What’s Your Grail Watch? W.O.E. Asks the Experts

What’s Your Grail Watch? W.O.E. Asks the Experts

If cost and scarcity didn’t matter, which watches would former intelligence officers, watch industry pros, firefighters, and Navy SEALs want for their personal collection? 

Though I am technically a “watch collector” because I own quite a few watches, to me, the real value is not in how many watches I can buy but rather in the relationships I have developed with certain timepieces through shared experience. A key aspect of the Use Your Tools ethos is understanding that, while we appreciate watches for their mechanical or aesthetic properties, the real value is derived from the moments in our lives we share with these useful objects. A Seiko or a G-Shock can be as meaningful as a Rolex GMT, and it’s not all about the benjamins. 

With that being said, certain watches out there are more, and sometimes a lot more, than the sum of their parts, and I admit there are watches I have no personal relationship with that I can’t help but covet. Watch nerds on Reddit throw the term around loosely, but for us, a “grail watch” is a meaningful, deeply desired timepiece that you will likely never obtain due to scarcity, cost, or some combination of the two. 

If nothing else, the grail watch conversation is an intriguing thought experiment, so for this Dispatch, we asked prominent members of the W.O.E. community which watches they would have if they could have anything. Their answers didn’t disappoint. 

W.O.E. 

The Complete Set of Military-Issued Tudor Submariners

Price: Lots. 

This Rolex MilSub ref. 5513 hammered for $270,273 last year.

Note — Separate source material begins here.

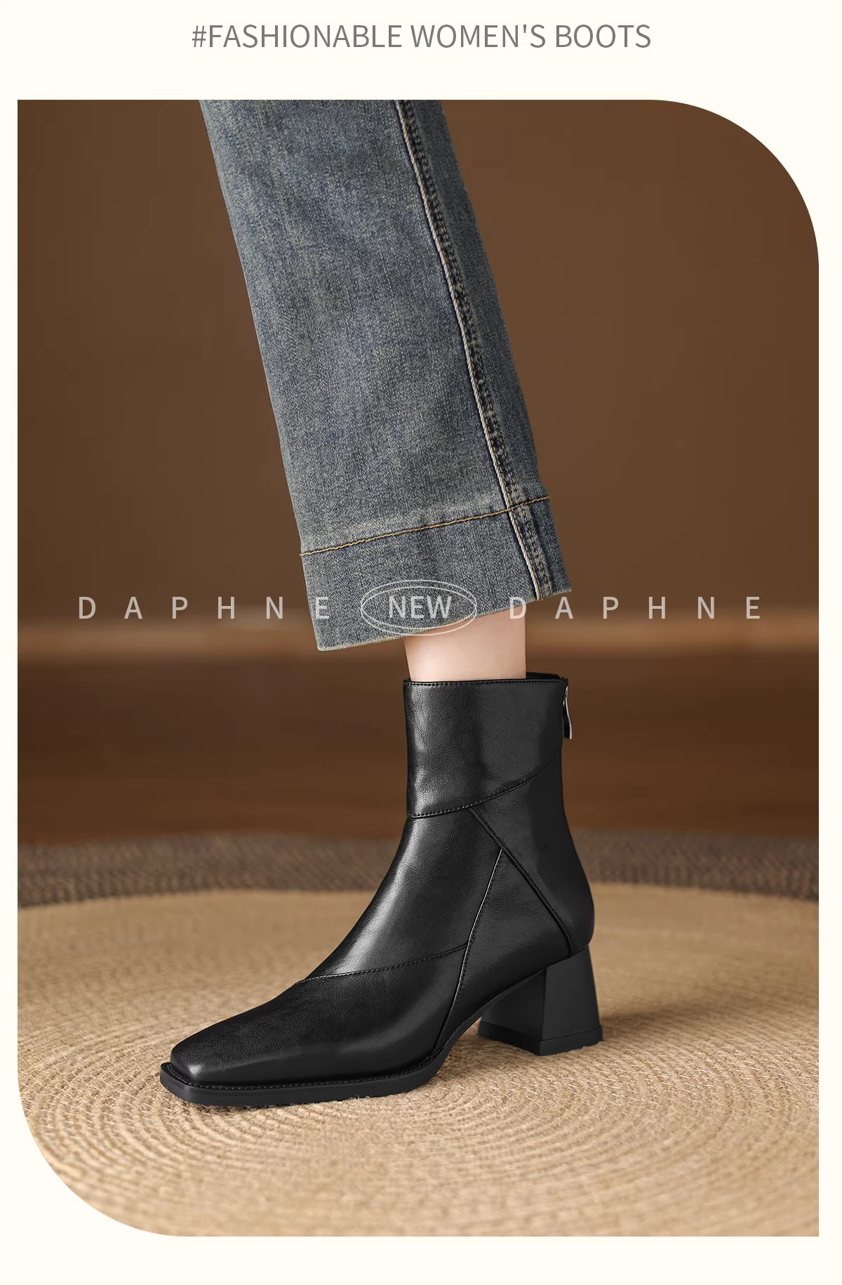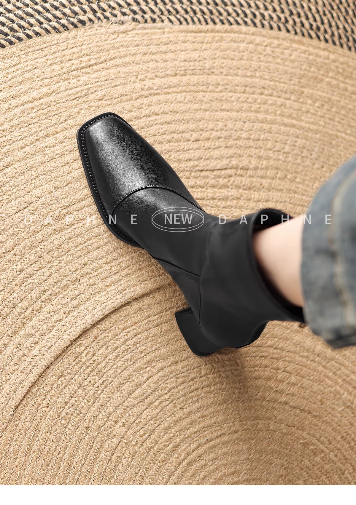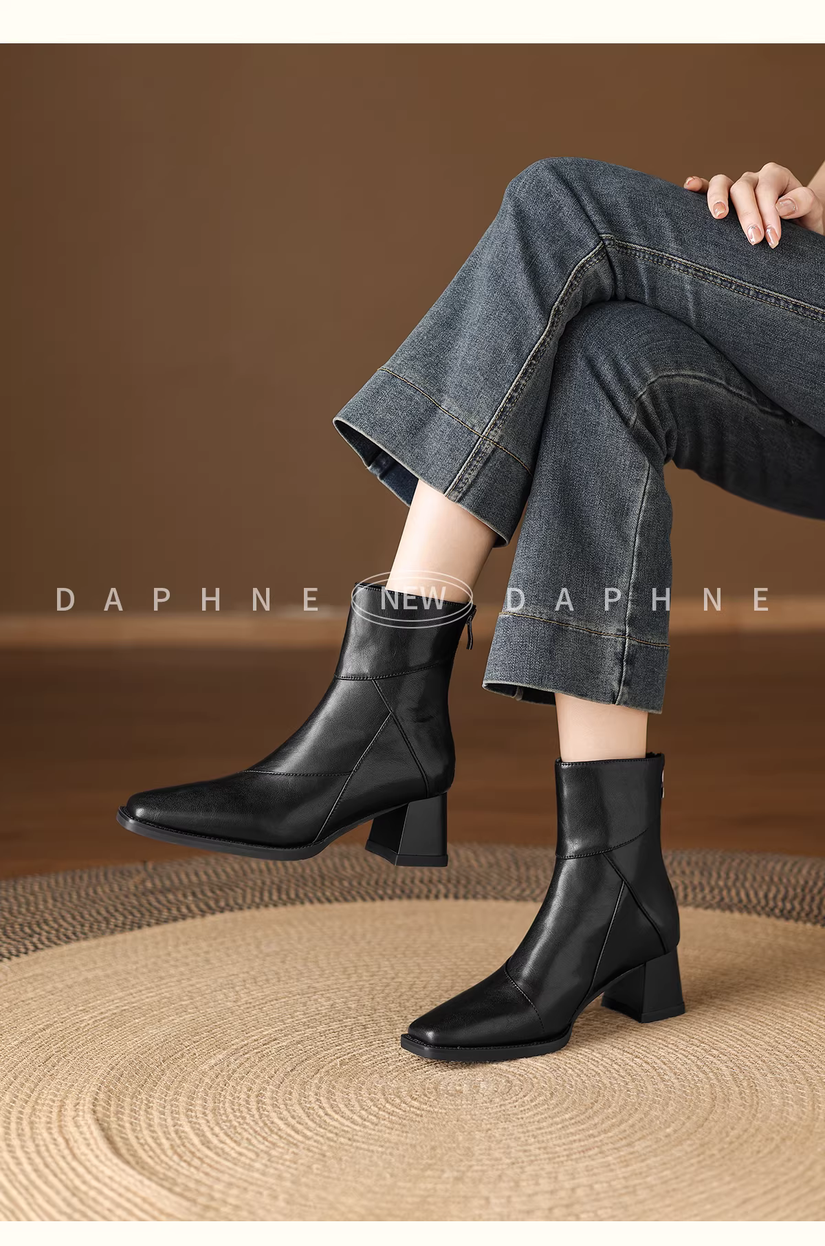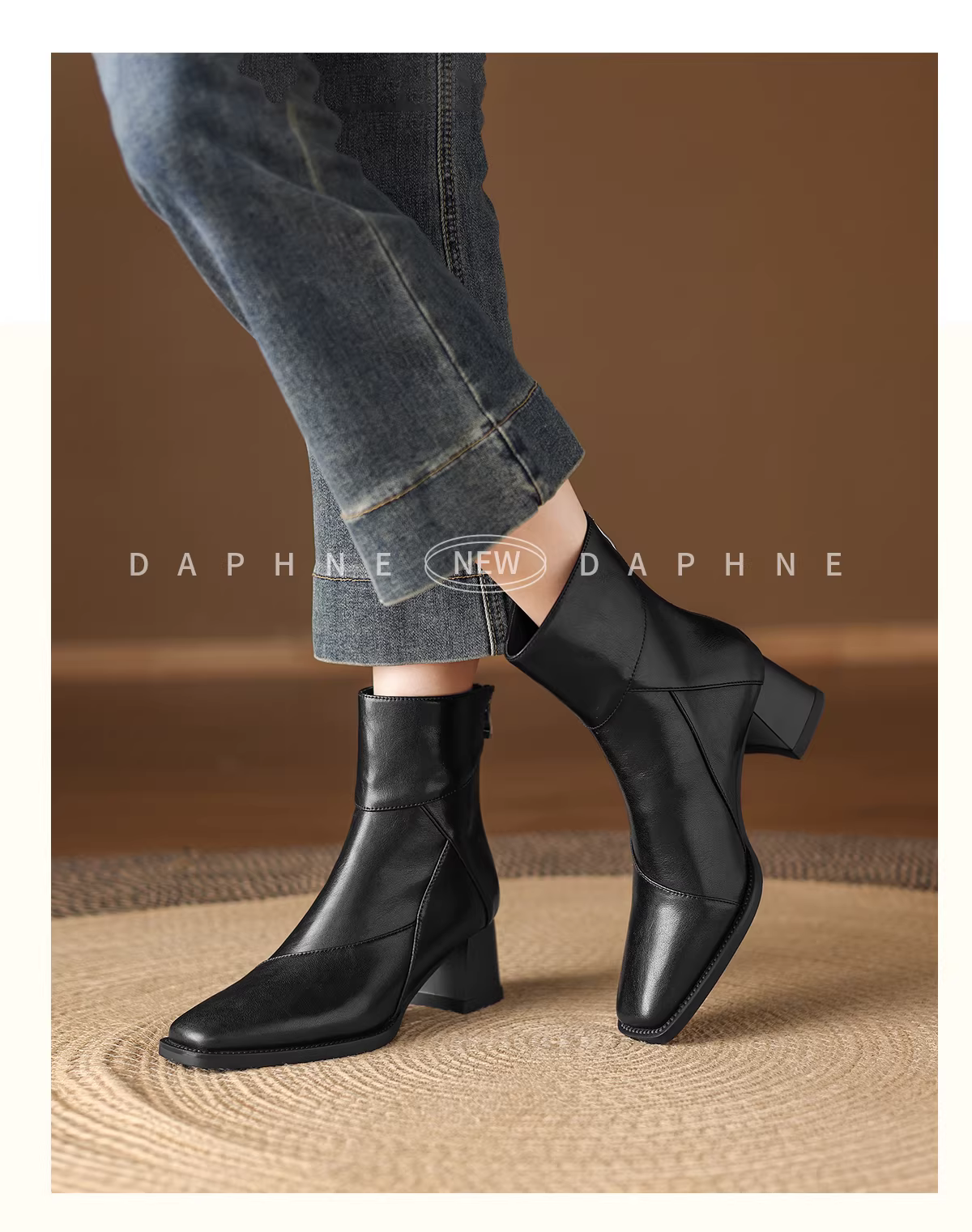 - Giày bốt cao gót ngắn Daphne dành cho nữ kiểu mới 2025, gót thô, kiểu Chelsea, giày bốt Martin nữ, mùa thu đông, màu đen, kiểu ôm sát.

Insane. (Photo Credit: Christie’s)
This Rolex MilSub ref. 5513 hammered for $270,273 last year. Insane. (Photo Credit: Christie’s)

The easy answer for me would be a full spec Rolex “MilSub,” either reference 5513 or 5517, complete with fixed spring bars, a fully demarcated 60-minute bezel, sword hands, and preferably issued to the Special Boat Service. But these watches have become so mainstream that they fetch prices well over $200k, and the whole idea makes it unpalatable, at least for me. 

My real grail isn’t a single watch, but a series of watches. This breaks the rules of the exercise, but this is my platform, and I do what I want. My grail is to own a Tudor Submariner from every country that issued one, specifically Argentina, the United States, Israel, France, Canada, South Africa, and Jamaica. I currently have a South African black “Snowflake” 7016 from approximately 1974, a US Navy-issued 7928 from the early 1960s, and an Israeli-issued 7928 used by Shayetet 13 (S-13) frogmen.

W.O.E.’s South African Navy-issued Tudor Submariner 7016. (Photo Credit: James Rupley/W.O.E.)
W.O.E.’s South African Navy-issued Tudor Submariner 7016. (Photo Credit: James Rupley/W.O.E.)

Compared to a British Rolex MilSub, these watches are actually somewhat attainable, but securing a complete set of genuine issued pieces is a challenge. I am convinced that the majority of known French Marine Nationale (“MN”) Tudors in circulation are fake. To complete the set, I would like the watches to have a clear lineage and concrete provenance linking them to known practitioners, not having been passed around by various dealers for decades. Will I ever actually make it happen? We’ll see… 

Benjamin Lowry - W.O.E. Team Member, USCG Veteran, Commercial Diver, & Curator of @SubmersibleWrist 

US Navy-Issued Doxa 300T Conquistador 

Price: I don’t think anyone has a clue, but a lot.

One of the few surviving examples of a 300T Conquistador with its helium escape valve at nine o’clock. (Photo Credit: Dr. Peter Millar)
One of the few surviving examples of a 300T Conquistador with its helium escape valve at nine o’clock. (Photo Credit: Dr. Peter Millar)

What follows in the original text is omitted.